Posted on:2008-05-22Degree:DoctorType:Dissertation
Country:ChinaCandidate:H L MaoFull Text:PDF
GTID:1104360218958795Subject:Anesthesia
Abstract/Summary:PDF Full Text Request
Progression of critically ill patients from the systemic inflammatory response syndrome (SIRS) to the multiple organ dysfunction syndrome (MODS) acounts for more than 75% of deaths in adult surgical intensive care units. Currently there is no practical technique in clinic to predict the progression. This study explored a NMR-based metabonomic method as a diagnostic tool for the prediction because the progression was accompanied by metabolic changes. Pattern recognition methods were used to analyze serum 1D 1H-NMR spectra in traumatic patient with SIRS and MODS. By using unsupervised principal component analysis (PCA) and supervised partial least squares-discriminant analysis (PLS-DA), critically ill patients could be distinguished from healthy controls.

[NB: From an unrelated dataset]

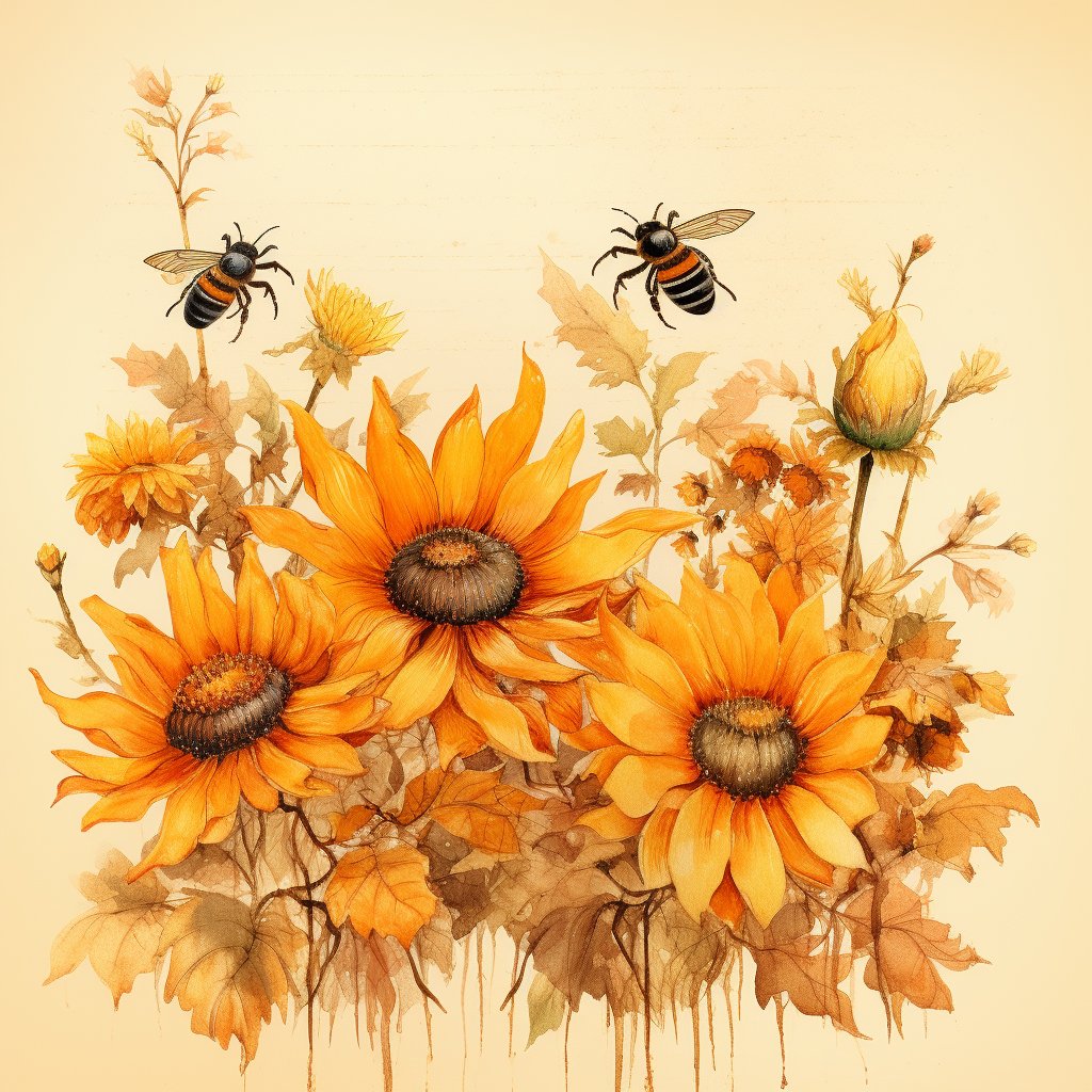 Aquarell Sonnenblumen und Bienen Silhouetten mit handgeschriebenen Herbst Gedichte gefuellt 2

After a noise reduction by orthogonal signal correction (OSC), PLS-DA was able to clearly discriminate SIRS and MODS. The corresponding coefficients indicated that spectra responsible for the discrimination were located inδ3.06~3.86 NMR integral regions from SIRS, mainly composed of sugar and amino acid signals, andδ1.18~1.3 andδ4.02~ 4.1 integral regions of MODS, principally consisted of various proton signals of fatty acyl chains and glycerol backbone of lipids, along with creatinine and lactate. The results were consistent with the clinical observations that carbohydrate and amino acid levels changes in the early course of critical illness (SIRS stage) and significant disturbances in fat metabolism and development of organ abnormalities become the characteristics in the late stage (MODS). These data suggested that NMR-based metabonomic approach may be developed to predict the disease progress in critically ill patients.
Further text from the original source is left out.